Fig. 1A is a flow diagram illustrating a gesture recognition method according to an exemplary embodiment, and fig. 1B is a schematic diagram illustrating image segmentation according to an exemplary embodiment. The execution subject of this embodiment may be a gesture recognition apparatus in the terminal device, and the apparatus may be implemented by software and/or hardware. As shown in fig. 1A, the scheme of the present embodiment may include the following steps:

in step S101, a gesture video to be recognized is acquired.

In this step, the gesture recognition apparatus obtains a gesture video to be recognized through the image acquisition unit, optionally, the gesture video to be recognized includes: at least one frame of gesture image to be recognized, wherein each frame of gesture image to be recognized comprises: the gesture to be recognized. Optionally, the image acquisition unit may be any one of: the color camera and the infrared camera may also be other units having an image capturing function, which is not limited in the embodiment of the present disclosure.

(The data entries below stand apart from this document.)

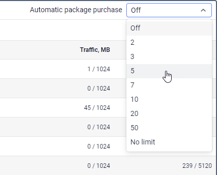 The system checks for available traffic every 15 minutes. Thus, a new traffic package is purchased immediately after the previous one is used up. A record of its purchase is shown in the unit log. When the number of packages purchased for a unit (the value in the Total purchased column) reaches the limit, the automatic purchase is no longer available for this unit. In this case, you should buy a new package for the unit manually or set a higher limit on the number of packages per month.
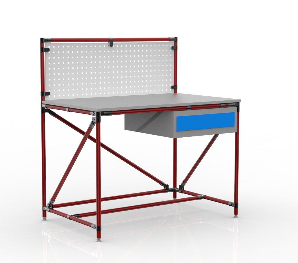 Workshop table with perforated panel from the tubular modular system. The table includes a laminate worktop, a table container with one drawer, a perforated panel and four adjustable legs. Load capacity with a uniform load of 100 kg. Dimensions 1282 x 1200 x 750 mm.
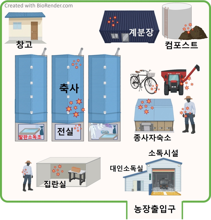 사람이 접근하고 접촉하는 축사내외부의 모든 공간과 표면에 대한 주기적인 세척과 소독이 얼마나 중요한 지를 역으로 생각해 볼 수 있는 자료라고 할 수 있겠다.

Optionally, the implementation manner of obtaining the gesture video to be recognized by the image acquisition unit at least includes the following:

the first realizable way: the gesture recognition device acquires an original video (including at least one frame of original color image) through a color camera, and segments a hand image and a background image in each frame of original color image in the original video by adopting an image segmentation method based on skin color detection to obtain the gesture video to be recognized, which includes at least one frame of gesture image to be recognized (only including the hand image). For example, as shown in fig. 1B, an image segmentation method based on skin color detection is adopted to segment a hand image and a background image in an original color image of a certain frame, so as to obtain a gesture image to be recognized, which only includes the hand image. Optionally, a specific implementation manner of the image segmentation method based on skin color detection in the embodiment of the present disclosure may refer to an image segmentation method based on skin color detection in the prior art, which is not limited in the embodiment of the present disclosure.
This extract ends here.